ASSIGNED TASK: Pictures must not appear in the copy. Set down exactly the line with "FABRIC DECRIPTION : Vaibhav" and each line after it through the end of the data below.

EXERCISE INPUT:
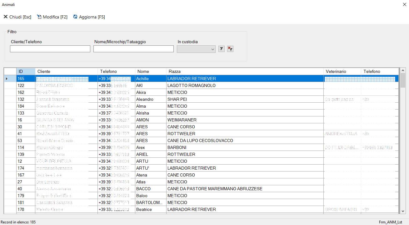 Funzione che visualizza l'elenco dei cani che sono stati registrati presso la struttura.
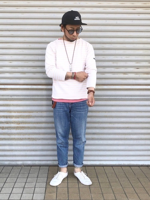 ボートネックTシャツの腕や、パンツの裾をロールアップすることでスタイルが良く見えるメンズコーデにもなっています。ボートネックから出ているシャツの襟があるおかげで、小顔効果が出ているところにも注目です。
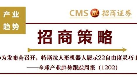 【招商策略】华为发布会召开,特斯拉人形机器人展示22自由度灵巧手——全球产业趋势跟踪周报(1202)
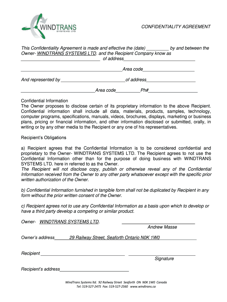 CONFIDENTIALITY AGREEMENT This Confidentiality Agreement is made and effective the (date) by and between the Owner INTRANS SYSTEMS LTD. And the Recipient Company know as of address Area code And represented
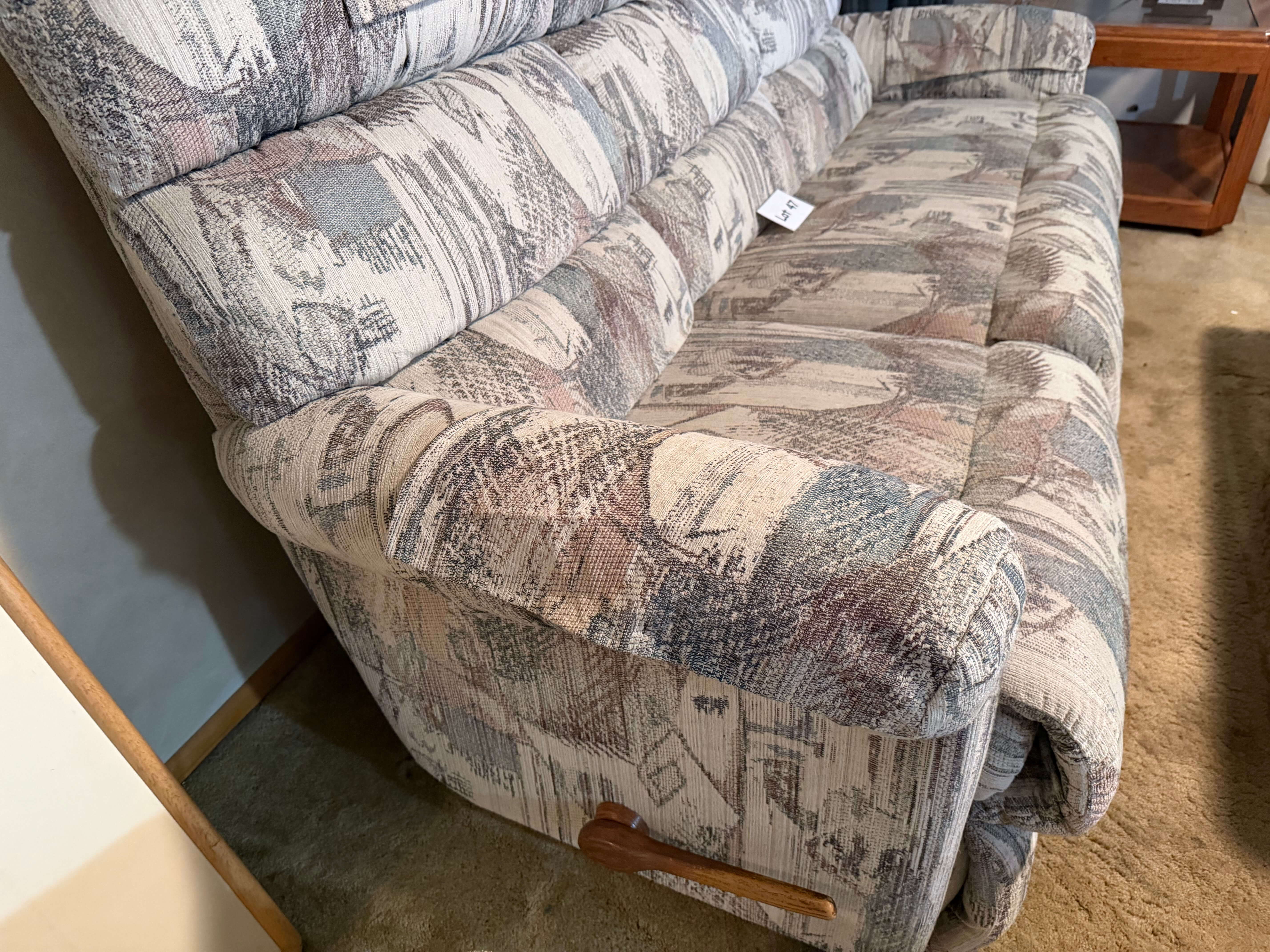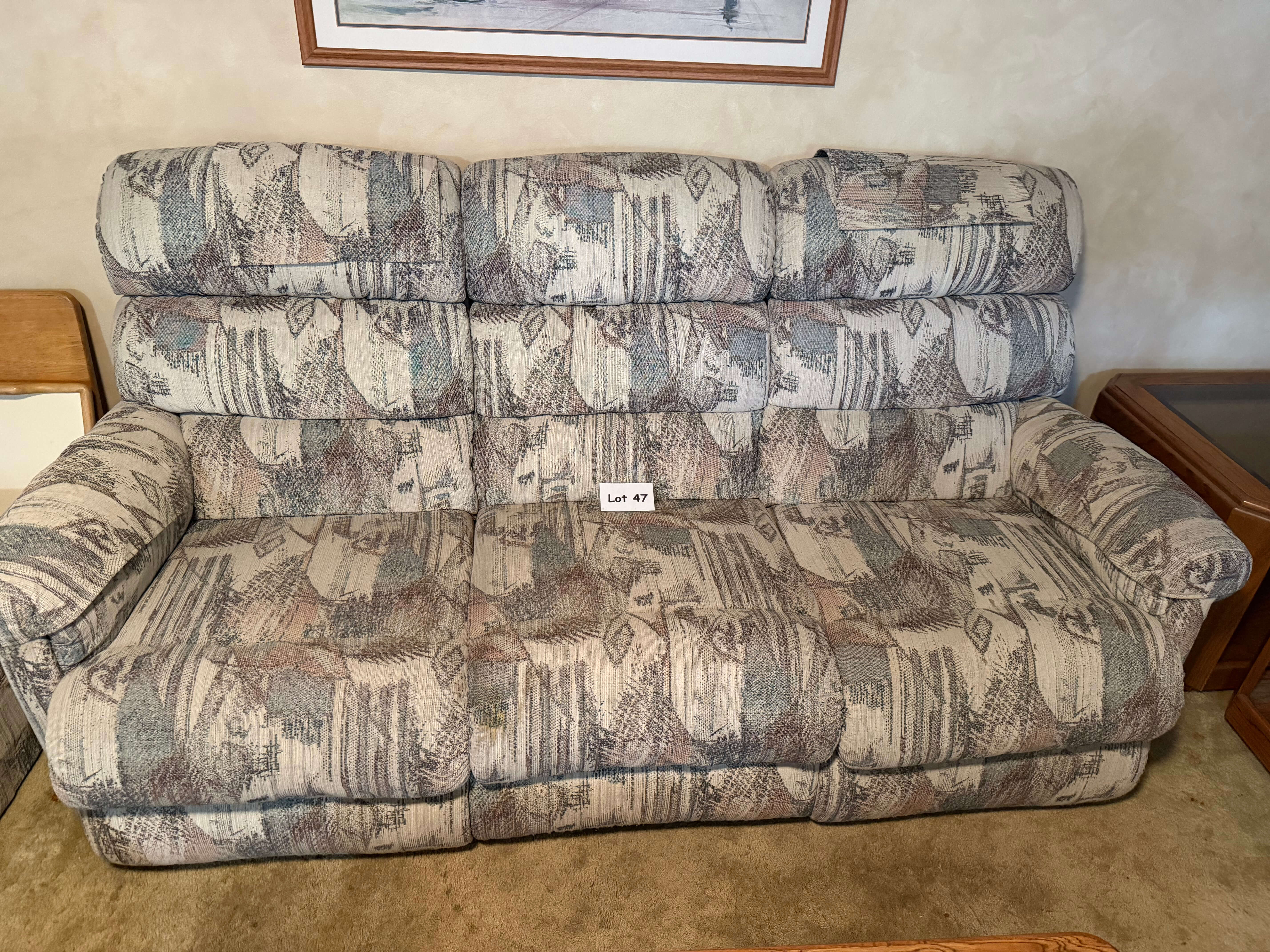 La-Z-Boy Reclining Sofa (2 seats recline, 1 manual handle is loose). Overall in good, gently used condition
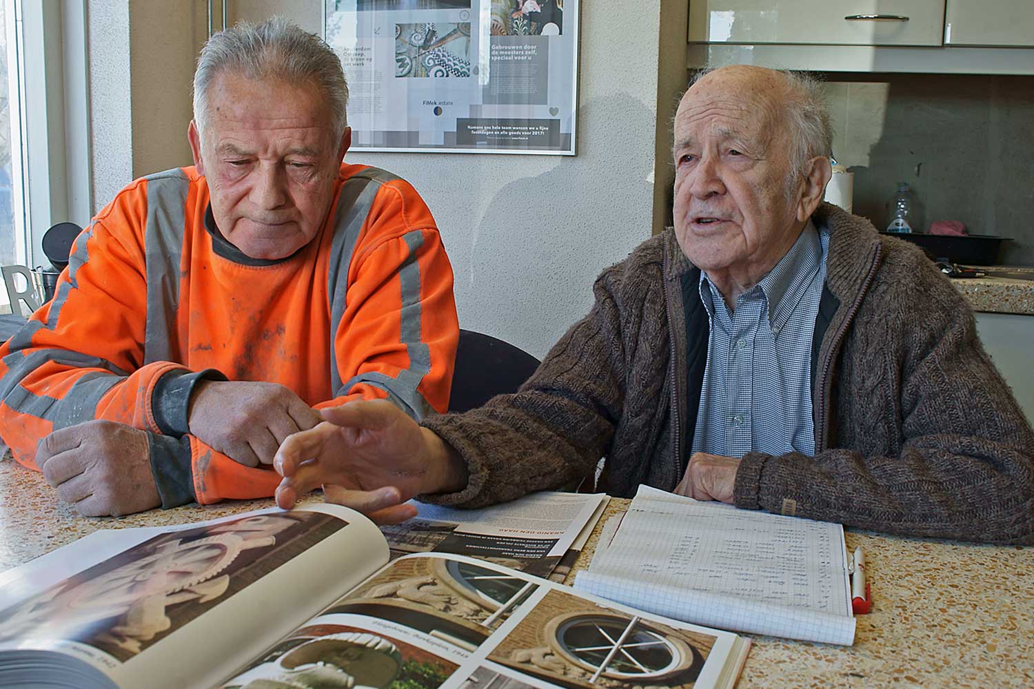 “Ja, vloerdelen, vloeren en we zaten hoofdzakelijk ook in het onderhoud voor de gemeente. Dus we sloopten lavetten er uit, oude aanrechten sloopten we en dan maakten we badkamervloeren, aanrechten en balkonvloeren. Eigenlijk was dat mijn werk, dat deed ik alleen maar.”
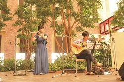 ギターとフルートは音色が合うと思い四年前にユニットを結成しました。朝倉は主催するギター教室の傍ら、小関も仕事や家事と両立させながら、カフェライヴなどの演奏活動をしています。
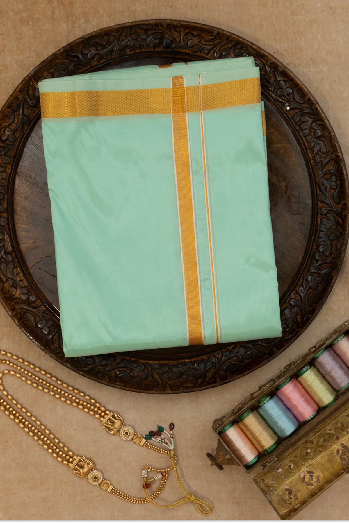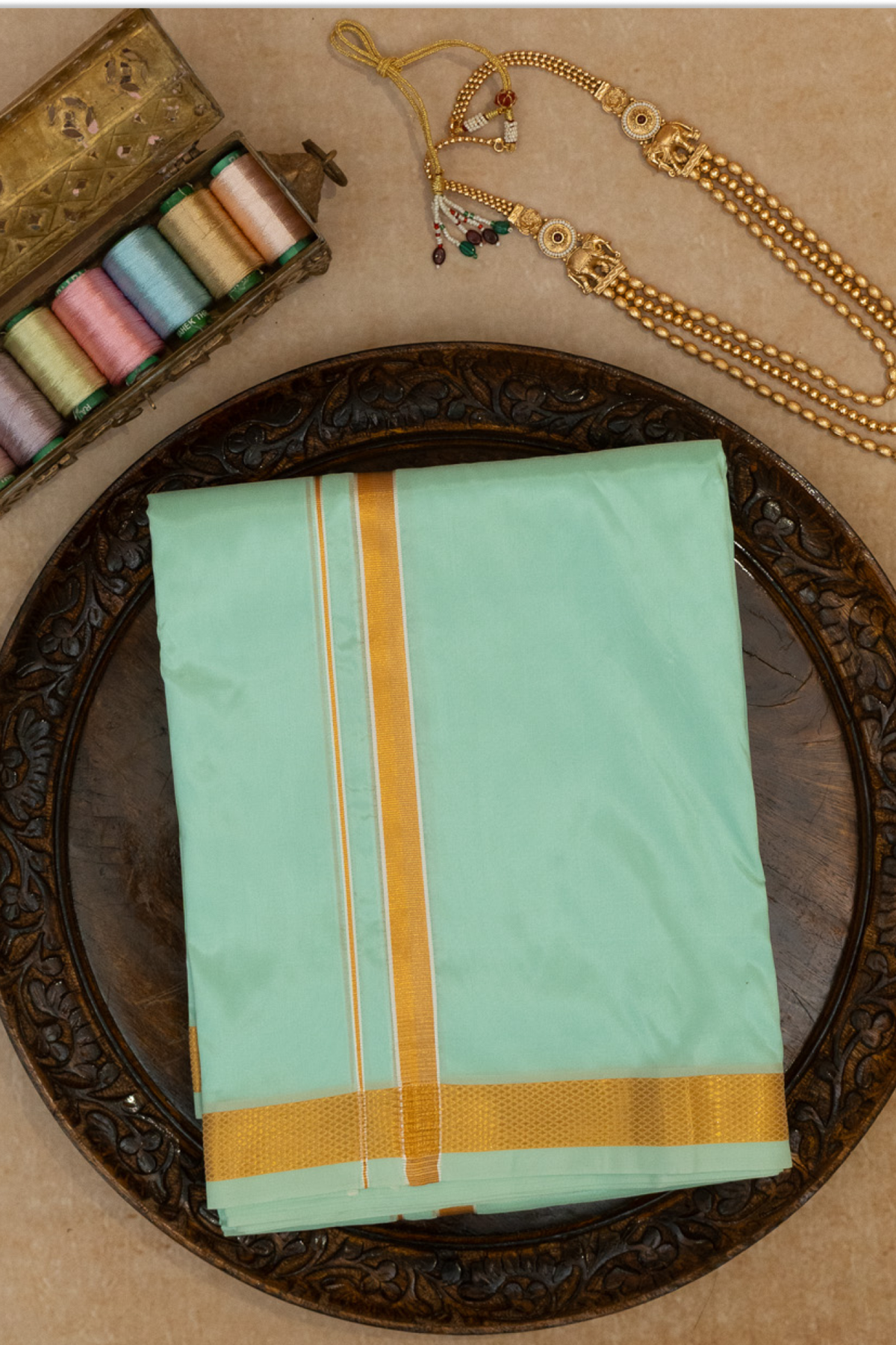 FABRIC DECRIPTION : Vaibhav is a premium fine-silk fabric in a calming sea-green shade, designed to bring together traditional charm and modern refinement. Its smooth texture and natural sheen lend a luxurious finish, while the subtle zari detailing adds a touch of festive elegance. Lightweight and graceful in its fall, this fabric is perfect for crafting dhotis, ethnic menswear, saree borders, and contemporary traditional outfits.A timeless choice for those who appreciate elegance, comfort, and exquisite craftsmanship. KEY FEATURES
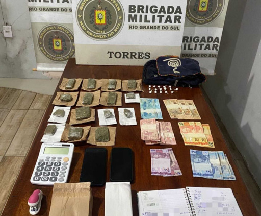 Durante operação integrada Fronteiras e Divisas Seguras em Torres, após fuga de uma tentativa de abordagem, uma guarnição abordou um veículo Renault Sandero e prendeu um homem de 28 anos e uma mulher de 47 anos. No interior do automóvel foram encontradas 15 porções de maconha e 16 cocaína já fracionadas para venda, além de dinheiro, celulares e um caderno de anotações do tráfico.
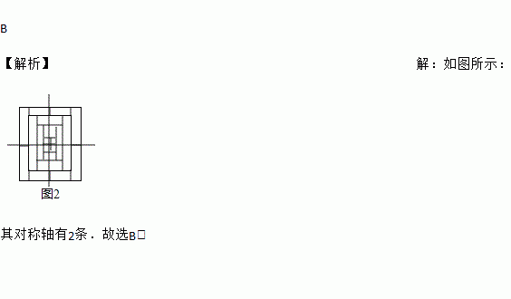 B 【解析】【解析】 如图所示: 其对称轴有2条.故选B.
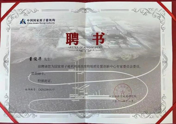 2021年11月19日,国家原子能机构在核工业北京地质研究院召开了国家原子能机构高放废物地质处置创新中心(以下简称创新中心)首届理事会成立大会,中国科学院金属研究所当选为理事单位,沈阳材料科学国家研究中心董俊华研究员当选为创新中心的首届理事和专家委员会委员。

SOLVED PROBLEM:
 FABRIC DECRIPTION : Vaibhav is a premium fine-silk fabric in a calming sea-green shade, designed to bring together traditional charm and modern refinement. Its smooth texture and natural sheen lend a luxurious finish, while the subtle zari detailing adds a touch of festive elegance. Lightweight and graceful in its fall, this fabric is perfect for crafting dhotis, ethnic menswear, saree borders, and contemporary traditional outfits.A timeless choice for those who appreciate elegance, comfort, and exquisite craftsmanship. KEY FEATURES
 Durante operação integrada Fronteiras e Divisas Seguras em Torres, após fuga de uma tentativa de abordagem, uma guarnição abordou um veículo Renault Sandero e prendeu um homem de 28 anos e uma mulher de 47 anos. No interior do automóvel foram encontradas 15 porções de maconha e 16 cocaína já fracionadas para venda, além de dinheiro, celulares e um caderno de anotações do tráfico.
 B 【解析】【解析】 如图所示: 其对称轴有2条.故选B.
 2021年11月19日,国家原子能机构在核工业北京地质研究院召开了国家原子能机构高放废物地质处置创新中心(以下简称创新中心)首届理事会成立大会,中国科学院金属研究所当选为理事单位,沈阳材料科学国家研究中心董俊华研究员当选为创新中心的首届理事和专家委员会委员。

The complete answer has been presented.